I try so hard to be everything for everyone. I never want to disappoint. Especially the kids. It breaks my heart if I ever fall short for them, so I spend a lot of time going above and beyond to proactively compensate.
The same goes for my husband. I never want him to catch me letting anything fall through the cracks. He is so impressive with what he’s accomplished with his business. He spends his entire day doing the impossible. So I want him to come home and think I’m doing the same.
I want it to seem like I have it all together, all the time.
The truth is, I’m a fucking mess. He of all people would know that. But I guess I’m still able to fool him. The truth is, I spend a lot of time sobbing into my hands or screaming into my pillow or gritting my teeth so hard I’ve had to acquire a mouth guard.
It’s not easy, man. And no one ever said it would be. But I feel like we’re not allowed to admit it. Not just to other people, but also to ourselves.
Being a parent today is really demanding. Making sure they eat. Making sure their food doesn’t have poison ingredients in it. Making sure they’re making friends, doing homework, passing tests, going to the dentist, developing on schedule, meeting project deadlines, wearing pants.
Its so much. And it never stops. There is no clocking out at the end of the day. I’m always thinking about what everyone else needs. Mentally cataloging all of their appointments, meetings, due dates, lessons, parties.
Most days, my needs don’t make it onto the list. And when they do…this happens.

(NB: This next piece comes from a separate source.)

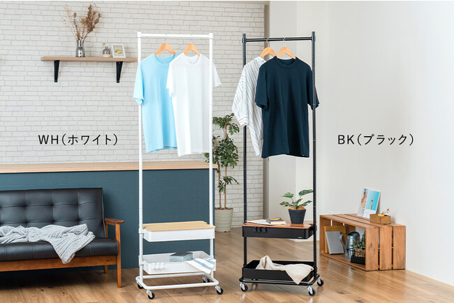 収納バスケットとハンガーラックがついて、省スペースでもたっぷり収納を実現。
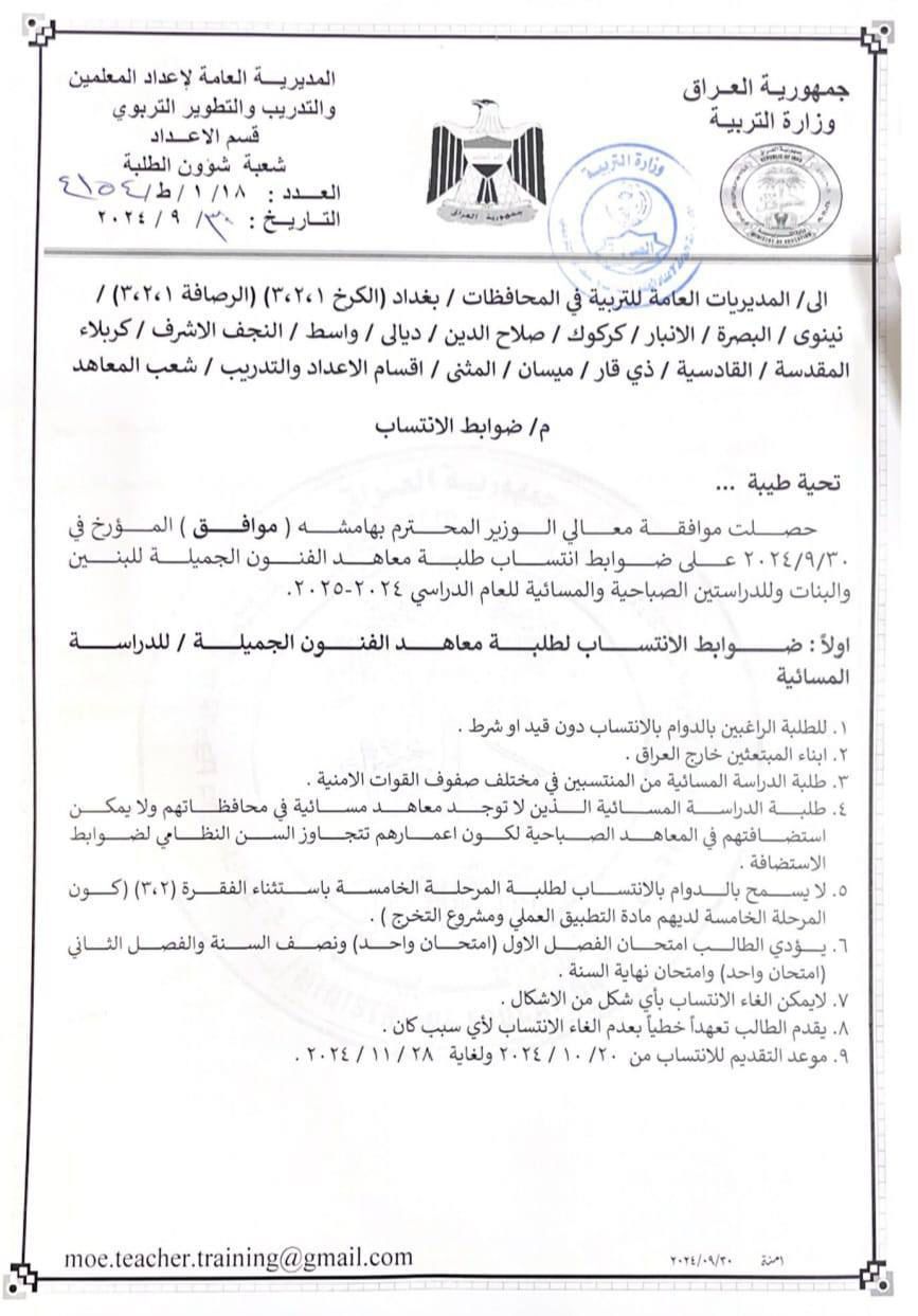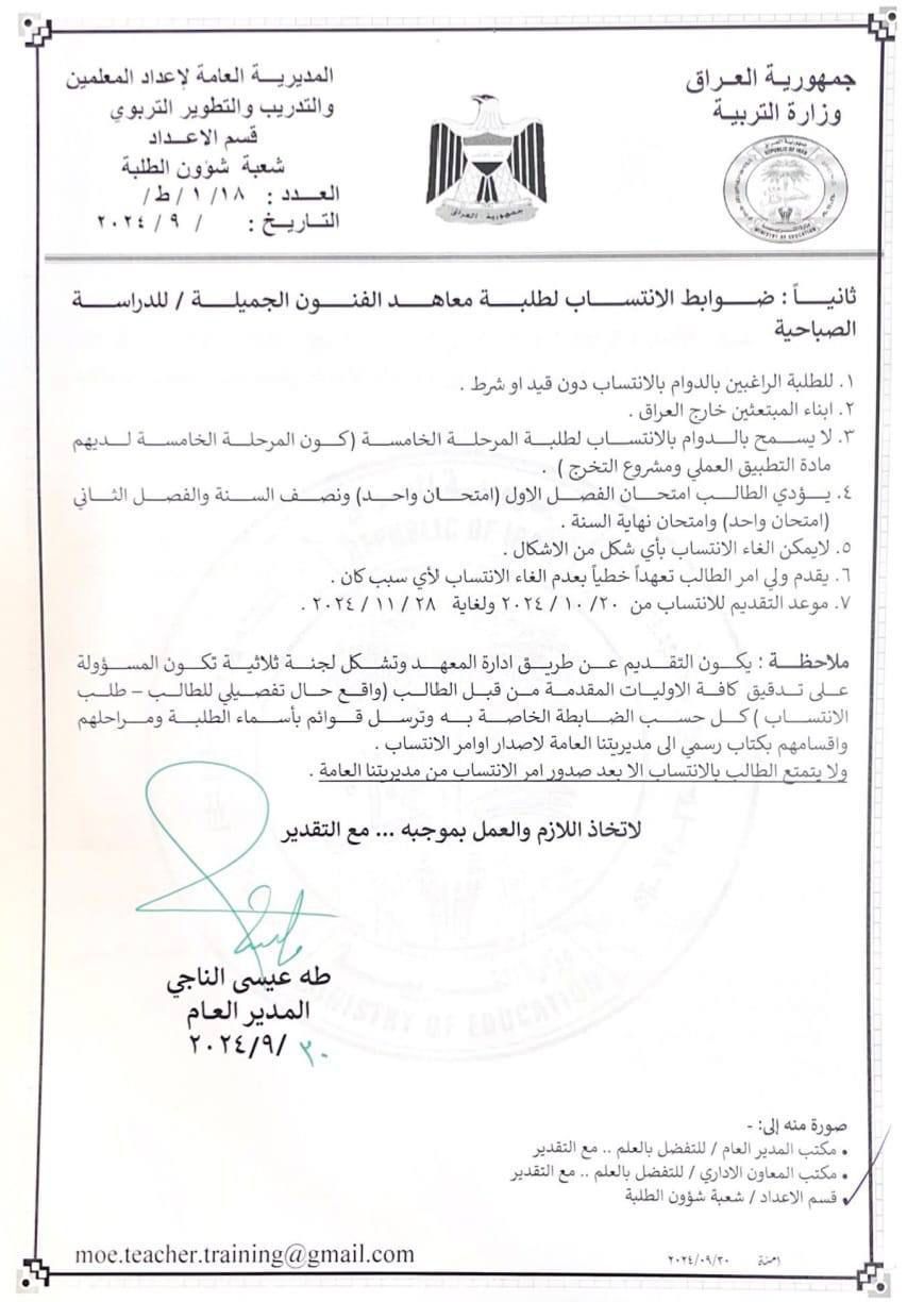 محلياتالتربية تُعلن ضوابط وتعليمات الانتساب لطلبة معاهد الفنون الجميلة قبل سنة واحدة 5 مشاهدات شارك وزارة التربية التربية تُعلن ضوابط وتعليمات الانتساب لطلبة معاهد الفنون الجميلة التربية تُعلن ضوابط وتعليمات الانتساب لطلبة معاهد الفنون الجميلة الوسومالتربيةالفنون الجميلةضوابطمعاهد الفنون الجميلةقد يهمك أيضا رياضة "توالي الأزمات".. ليفربول يوجه ضربة قوية لمحمد صلاح ويقرر بيعه قبل 26 دقيقة 5 مشاهدات عربي ودولي الرئيس اللبناني يطالب مجلس الأمن بالضغط على إسرائيل لتطبيق وقف إطلاق النار قبل 37 دقيقة 5 مشاهدات عربي ودولي موسكو: قد يتم عقد لقاء بين بوتين وترامب في القريب العاجل قبل 55 دقيقة 7 مشاهدات محليات العدل تعلن إطلاق سراح 761 نزيلاً خلال تشرين الثاني قبل ساعة واحدة 11 مشاهدات عربي ودولي ارتفاع عدد ضحايا الفيضانات والانهيارات الأرضية في إندونيسيا إلى 846 قبل ساعتين 12 مشاهدات

I had been meaning to sign up for this birthing class for a while. But it was on Tuesday nights, which is when the boys have their music lessons. So I had to figure out a sitter. And confirm that my husband could make it home in time those nights from work.
After watching the task sit on my to-do list week after week, everyone else’s tasks being crossed off around it, I finally just signed up. I spoke to the teacher on the phone. I put it on my calendar. On the family calendar. Confirmed with the sitter. Set an alarm on my phone.
And then, whoops! The week before, our sitter had a conflict. So I had to bring in reinforcements. I secured my sister in law, rescheduled music lessons, made sure my husband would be home in time.
That night, things were going pretty smoothly. We all had dinner together, the boys were having fun with their aunt, things were moving along.
As we were on our way out, it started pouring. Like, “is there a hurricane we don’t know about” kind of pouring. So we waited a bit, but ended up driving through some pretty bad rain to try and make it to the class on time. Once we’re there, we get lost finding the room. A kind janitor finally guided us in the right direction. We walk in 10 minutes late. Wet, cold, harried. Everyone goes silent and gives us a confused look.
Turns out our class started the following week. We were in the wrong class, on the wrong day, and I have never been more embarrassed. My husband took it like a champ, laughed it off and we went on our way. I, however, became inconsolable.
This does not happen. I don’t mess this stuff up. I am hyper-organized with all of our schedules. I have everyone’s appointments and meetings and lessons all logged in chronological order in my brain at all times. I have multiple color-coded calendars filled out at once. This does not happen.
I was so embarrassed. And angry at myself. I couldn’t just laugh it off. I had wasted so much time finding a back up sitter and rescheduling music lessons and rushing my husband home from work. All for nothing.
But my husband, the saint that he is, tried to give me some perspective. He said all the right things that I was not saying to myself. He reminded me that these things happen, we make mistakes and laugh them off and move on. He told me stories of other people who had fucked up way worse. He hugged me and kissed me and made the best of the situation.
And then, on the drive home, as I continued to cry to myself in the passenger seat, he held my hand and said “Baby, you’re not perfect.”
My first reaction was rage. I didn’t have time to express it, though, because he immediately followed that statement with “I wouldn’t be with you if you were.”
And obviously that made me cry more. Because I put so much pressure on myself to be perfect. For the boys, for my husband, for everyone who needs me. But none of them are asking that of me. No one puts that expectation or pressure on me. I do it to myself.
So the lesson here is, fuck being perfect. It doesn’t exist. It’s an ideal. I think its okay to strive for it, and work toward it. Do your best to be your best. But cut yourself some fucking slack every now and then. You’ll never arrive at perfection. It’s not something to achieve. And remember, it’s a standard you’re holding yourself to.
I’m not going to stop color-coding our calendars and to-do lists. I won’t ever like it when the dirty dishes sit in the sink. I’ll continue to tout my Dynamo label maker around like a concealed weapon. But I’m hoping I’ll be able to have a bit more of a sense of humor about it all.